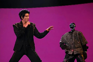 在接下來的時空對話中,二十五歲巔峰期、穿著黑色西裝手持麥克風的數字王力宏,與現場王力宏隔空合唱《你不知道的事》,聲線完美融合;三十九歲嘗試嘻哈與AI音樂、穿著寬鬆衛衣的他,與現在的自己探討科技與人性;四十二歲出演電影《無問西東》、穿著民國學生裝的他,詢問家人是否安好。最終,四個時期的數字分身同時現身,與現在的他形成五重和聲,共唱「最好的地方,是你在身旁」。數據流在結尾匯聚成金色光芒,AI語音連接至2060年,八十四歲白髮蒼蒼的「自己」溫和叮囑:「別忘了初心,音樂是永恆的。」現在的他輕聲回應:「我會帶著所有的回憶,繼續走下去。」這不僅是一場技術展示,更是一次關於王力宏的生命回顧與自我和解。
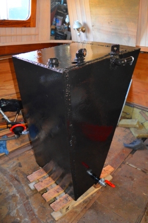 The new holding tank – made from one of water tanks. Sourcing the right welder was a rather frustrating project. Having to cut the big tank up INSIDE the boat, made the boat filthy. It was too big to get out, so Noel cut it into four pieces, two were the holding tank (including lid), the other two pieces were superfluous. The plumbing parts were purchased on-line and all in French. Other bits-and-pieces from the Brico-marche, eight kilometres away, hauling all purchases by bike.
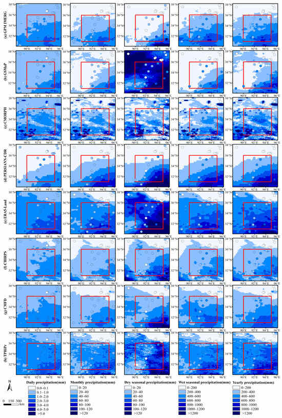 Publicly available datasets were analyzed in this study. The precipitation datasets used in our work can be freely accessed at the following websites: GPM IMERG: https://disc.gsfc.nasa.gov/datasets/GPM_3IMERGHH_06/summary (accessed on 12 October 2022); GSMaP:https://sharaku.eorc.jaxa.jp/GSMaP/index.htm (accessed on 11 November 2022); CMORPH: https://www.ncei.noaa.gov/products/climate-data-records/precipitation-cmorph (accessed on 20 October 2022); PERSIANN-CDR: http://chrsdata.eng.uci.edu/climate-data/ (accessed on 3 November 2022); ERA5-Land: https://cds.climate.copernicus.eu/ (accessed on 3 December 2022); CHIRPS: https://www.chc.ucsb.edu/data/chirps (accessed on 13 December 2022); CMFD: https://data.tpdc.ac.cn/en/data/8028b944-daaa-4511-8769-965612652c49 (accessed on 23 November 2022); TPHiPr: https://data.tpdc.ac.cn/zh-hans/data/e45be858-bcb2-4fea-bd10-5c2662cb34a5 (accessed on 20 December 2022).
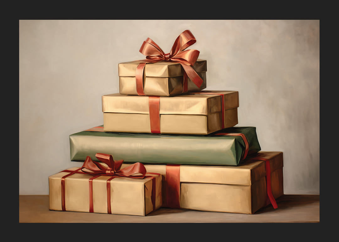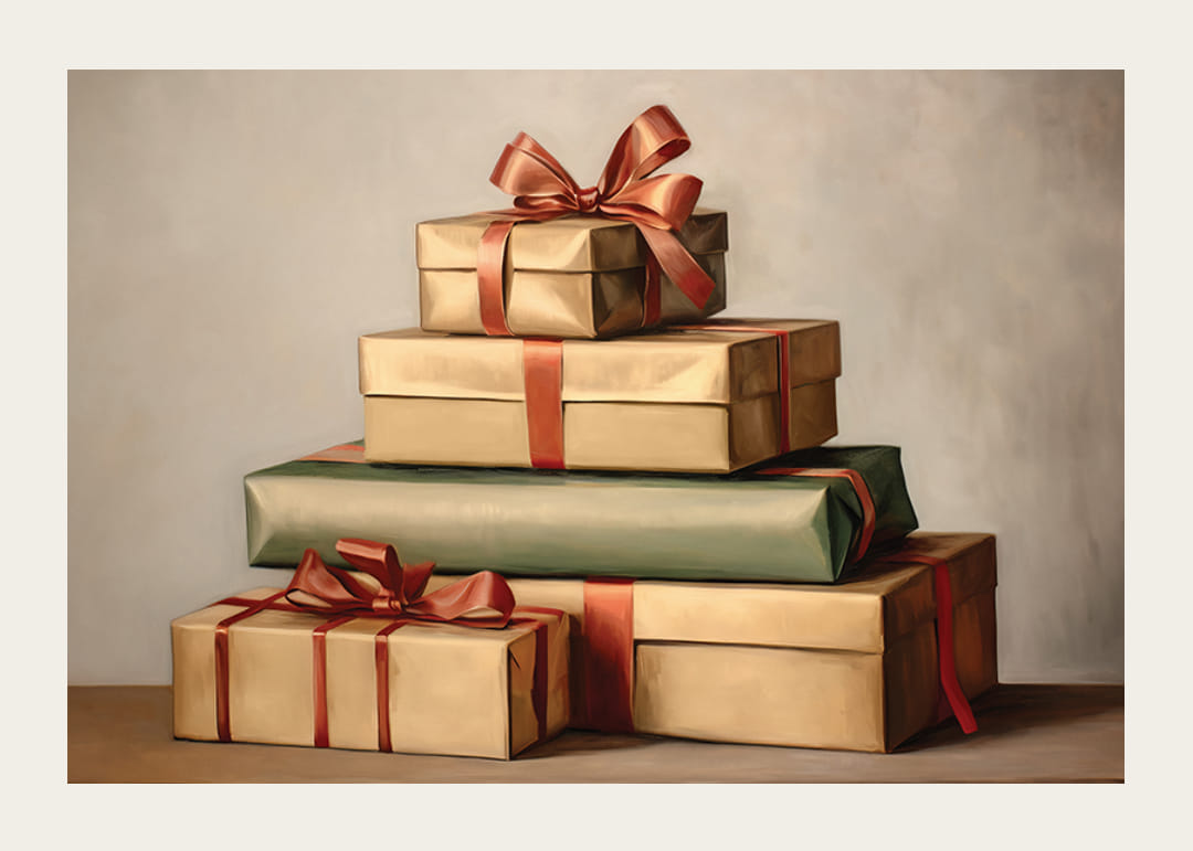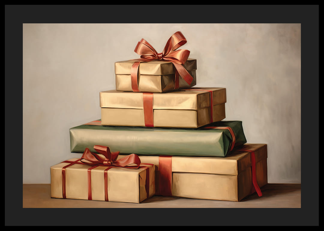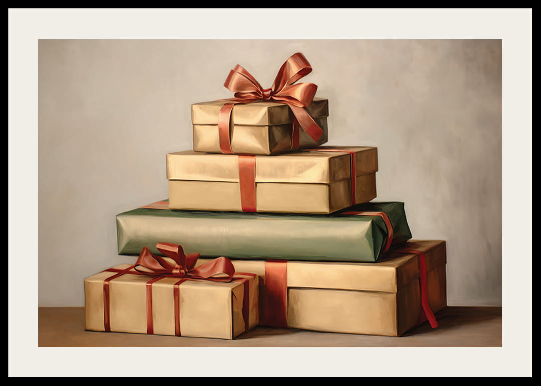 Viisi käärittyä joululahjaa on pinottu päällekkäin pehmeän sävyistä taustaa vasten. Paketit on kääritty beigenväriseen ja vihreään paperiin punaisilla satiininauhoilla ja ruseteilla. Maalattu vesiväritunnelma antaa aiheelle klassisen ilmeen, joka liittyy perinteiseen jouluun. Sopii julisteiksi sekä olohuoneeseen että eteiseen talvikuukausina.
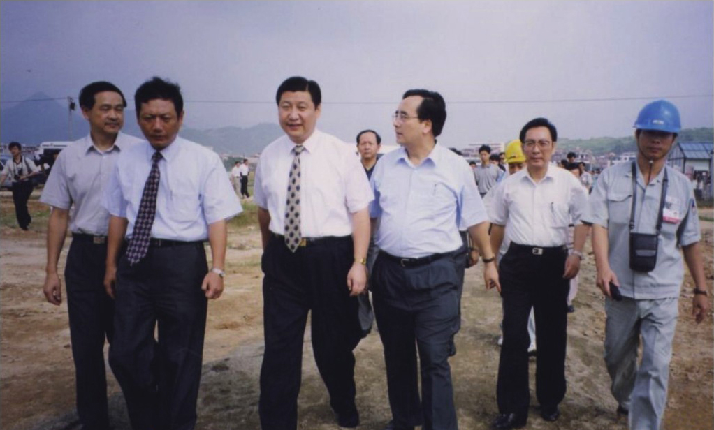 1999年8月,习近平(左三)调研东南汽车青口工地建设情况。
==============================
» **What is needed**
After dropping the pictures, reproduce exactly the lines from the first line of the entries through the line containing "The new holding", both included.

» **Exercise answer**
 在接下來的時空對話中,二十五歲巔峰期、穿著黑色西裝手持麥克風的數字王力宏,與現場王力宏隔空合唱《你不知道的事》,聲線完美融合;三十九歲嘗試嘻哈與AI音樂、穿著寬鬆衛衣的他,與現在的自己探討科技與人性;四十二歲出演電影《無問西東》、穿著民國學生裝的他,詢問家人是否安好。最終,四個時期的數字分身同時現身,與現在的他形成五重和聲,共唱「最好的地方,是你在身旁」。數據流在結尾匯聚成金色光芒,AI語音連接至2060年,八十四歲白髮蒼蒼的「自己」溫和叮囑:「別忘了初心,音樂是永恆的。」現在的他輕聲回應:「我會帶著所有的回憶,繼續走下去。」這不僅是一場技術展示,更是一次關於王力宏的生命回顧與自我和解。
 The new holding tank – made from one of water tanks. Sourcing the right welder was a rather frustrating project. Having to cut the big tank up INSIDE the boat, made the boat filthy. It was too big to get out, so Noel cut it into four pieces, two were the holding tank (including lid), the other two pieces were superfluous. The plumbing parts were purchased on-line and all in French. Other bits-and-pieces from the Brico-marche, eight kilometres away, hauling all purchases by bike.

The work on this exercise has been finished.